Some remarks regarding the implementation of a new address-book:
Quoting ACS's address-book documentation:
"This module, which contains nothing remotely fancy, has lots of room for
improvement, for instance, categorization of people (personal vs. business) or other ways
of browsing records. It also should have ways to share records in the standard ACS way:
public, group, and private ownership."
As a matter of fact, a first data model has been created for a 'fancy' address book. (For
the moment, this exists only in M$ Access format (sorry).) In the first place, it is
capable of distinguishing between persons and organizations. This is done through the
table 'relations'. Secondly, it can distinguish between roles that these relations can
play (which may overlap).
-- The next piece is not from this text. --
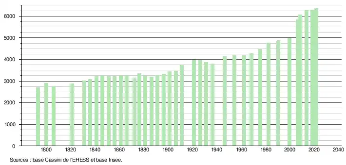 6 358 hab. (2021 en augmentation de 0,82 % par rapport à 2015en augmentation de 0,82 % par rapport à 2015)

E.g. customers, vendors, employees. Thirdly, address and
telephone data is maintained through the Relations Table. The Relations Table is linked to the
following tables:
e-mail addresses
website addresses
visiting addresses
mail addresses
home phone numbers
work phone numbers
mobile phone numbers
home fax numbers
work fax numbers
Because of this structure, there is no restriction to the amount of e-mail addresses
that the database can contain, since the database is fully normalized. Integrity is
maintained up to a certain level.
If anyone is interested in the model, please e-mail
me. I will present the data-model here
next week (so it will be accessible by anybody). Information about it can be found here.
Is there anybody around capable of porting a model like this to SQL and TCL? I guess an
address-book like this is a valuable enhancement of existing functionality.